Start of PROVIDED DATA

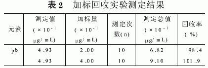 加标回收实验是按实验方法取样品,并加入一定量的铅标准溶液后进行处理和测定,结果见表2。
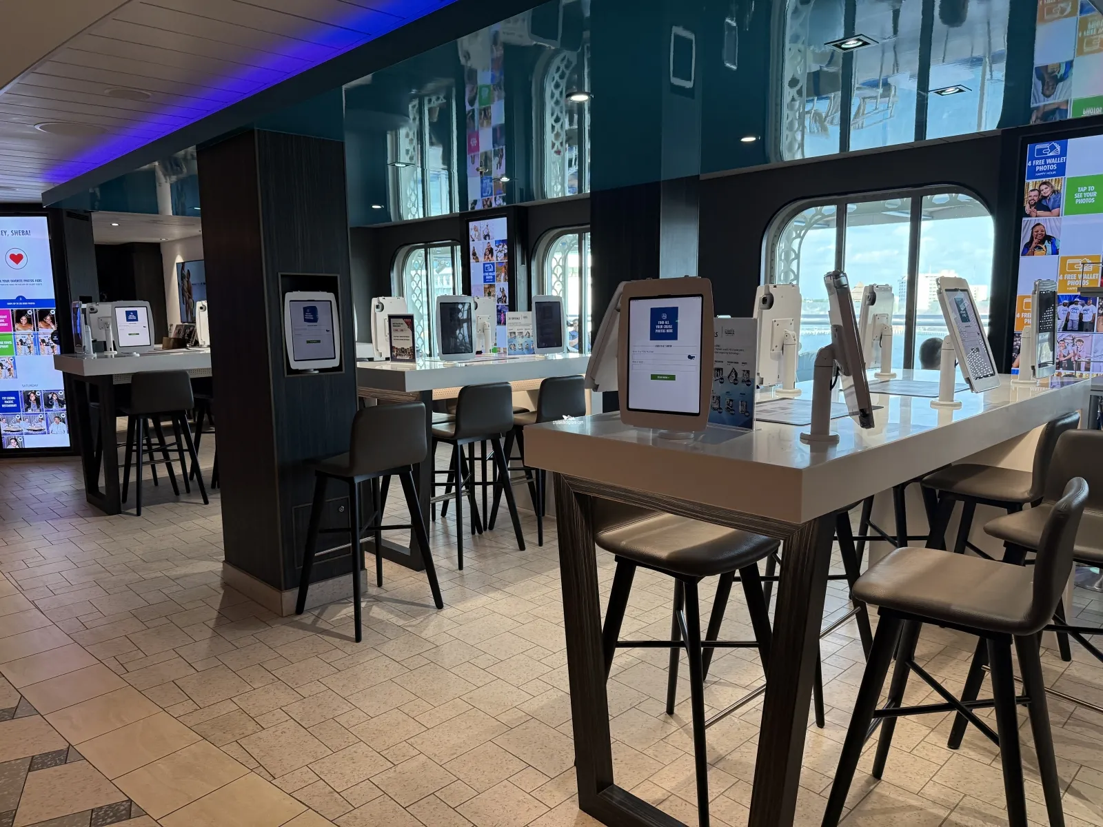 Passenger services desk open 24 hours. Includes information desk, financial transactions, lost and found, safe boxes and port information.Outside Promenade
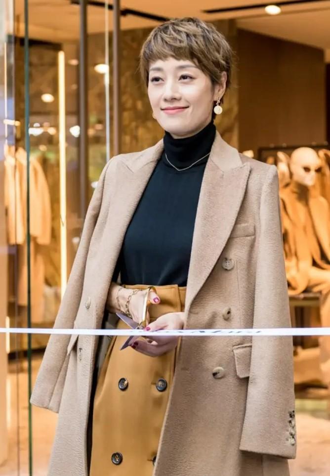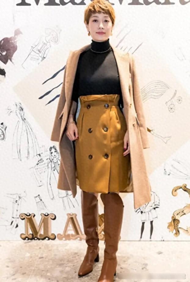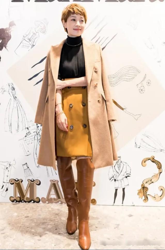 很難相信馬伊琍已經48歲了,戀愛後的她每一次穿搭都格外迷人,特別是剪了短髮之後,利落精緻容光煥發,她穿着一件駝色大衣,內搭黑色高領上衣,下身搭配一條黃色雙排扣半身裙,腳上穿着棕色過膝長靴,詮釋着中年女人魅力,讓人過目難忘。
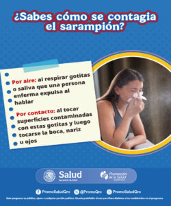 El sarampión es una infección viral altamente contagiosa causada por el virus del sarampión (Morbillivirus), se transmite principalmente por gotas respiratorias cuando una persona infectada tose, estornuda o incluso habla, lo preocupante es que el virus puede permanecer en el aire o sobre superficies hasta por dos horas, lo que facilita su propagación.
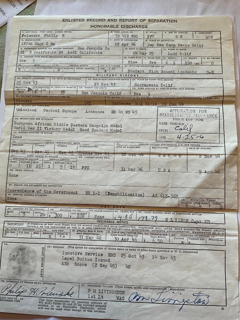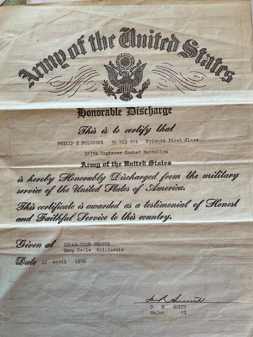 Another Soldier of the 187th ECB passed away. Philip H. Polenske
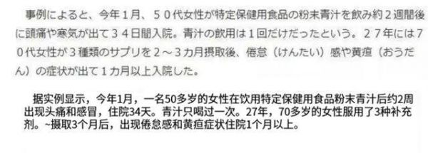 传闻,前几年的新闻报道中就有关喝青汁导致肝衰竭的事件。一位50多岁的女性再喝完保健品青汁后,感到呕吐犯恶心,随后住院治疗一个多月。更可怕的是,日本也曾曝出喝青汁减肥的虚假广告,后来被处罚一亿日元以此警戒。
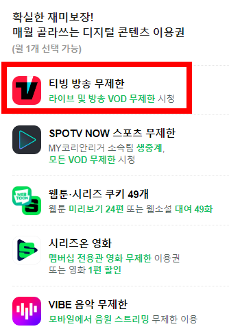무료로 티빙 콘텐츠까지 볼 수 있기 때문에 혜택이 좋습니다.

End of PROVIDED DATA

• PROBLEM DESCRIPTION
Could you output every record above exactly as it appears, without the pictures?

• WRITTEN ANSWER
 加标回收实验是按实验方法取样品,并加入一定量的铅标准溶液后进行处理和测定,结果见表2。
 Passenger services desk open 24 hours. Includes information desk, financial transactions, lost and found, safe boxes and port information.Outside Promenade
 很難相信馬伊琍已經48歲了,戀愛後的她每一次穿搭都格外迷人,特別是剪了短髮之後,利落精緻容光煥發,她穿着一件駝色大衣,內搭黑色高領上衣,下身搭配一條黃色雙排扣半身裙,腳上穿着棕色過膝長靴,詮釋着中年女人魅力,讓人過目難忘。
 El sarampión es una infección viral altamente contagiosa causada por el virus del sarampión (Morbillivirus), se transmite principalmente por gotas respiratorias cuando una persona infectada tose, estornuda o incluso habla, lo preocupante es que el virus puede permanecer en el aire o sobre superficies hasta por dos horas, lo que facilita su propagación.
 Another Soldier of the 187th ECB passed away. Philip H. Polenske
 传闻,前几年的新闻报道中就有关喝青汁导致肝衰竭的事件。一位50多岁的女性再喝完保健品青汁后,感到呕吐犯恶心,随后住院治疗一个多月。更可怕的是,日本也曾曝出喝青汁减肥的虚假广告,后来被处罚一亿日元以此警戒。
무료로 티빙 콘텐츠까지 볼 수 있기 때문에 혜택이 좋습니다.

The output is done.